Supplied material:
▬▬▬▬▬▬▬▬▬▬

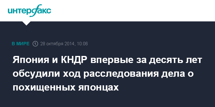 Москва. 28 октября. INTERFAX.RU - Официальные лица из Японии и КНДР впервые за десять лет приступили к переговорам о ходе расследования судеб японцев, похищенных в 1970-е и 1980-е годы сотрудниками северокорейских спецслужб, передает во вторник агентство AP.
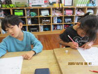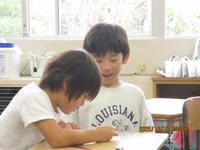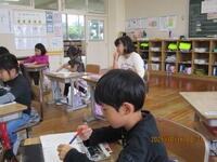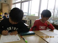 一年生は漢字練習をしていました。字のバランス、書き順、鉛筆の強さ等を意識しながら、しっかりとした字を書いていました。二年生は反対語について学習しました。「前の反対は?…後ろ」「細いの反対は?…太い」などです。「おす(押す)の反対は?…ひく(引く)」と答えてほしいところでしたが、「めす(雌)」と答えた東っ子がいました。個人的に花丸ですね。四年生は算数のテスト、五年生は公約数と公倍数について学習しました。
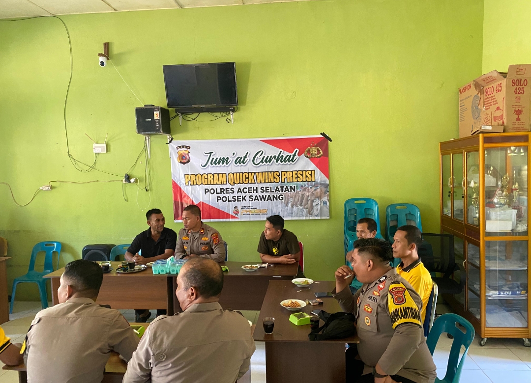 Tribratanewsacehselatan – Polsek Sawang Polres Aceh Selatan Polda Aceh kembali melaksanakan program Quickwins Presisi melalui kegiatan Jumat Curhat yang digelar

▬▬▬▬▬▬▬▬▬▬

Problem description: Without the pictures, transcribe the listing exactly as it stands.

Result:
 Москва. 28 октября. INTERFAX.RU - Официальные лица из Японии и КНДР впервые за десять лет приступили к переговорам о ходе расследования судеб японцев, похищенных в 1970-е и 1980-е годы сотрудниками северокорейских спецслужб, передает во вторник агентство AP.
 一年生は漢字練習をしていました。字のバランス、書き順、鉛筆の強さ等を意識しながら、しっかりとした字を書いていました。二年生は反対語について学習しました。「前の反対は?…後ろ」「細いの反対は?…太い」などです。「おす(押す)の反対は?…ひく(引く)」と答えてほしいところでしたが、「めす(雌)」と答えた東っ子がいました。個人的に花丸ですね。四年生は算数のテスト、五年生は公約数と公倍数について学習しました。
 Tribratanewsacehselatan – Polsek Sawang Polres Aceh Selatan Polda Aceh kembali melaksanakan program Quickwins Presisi melalui kegiatan Jumat Curhat yang digelar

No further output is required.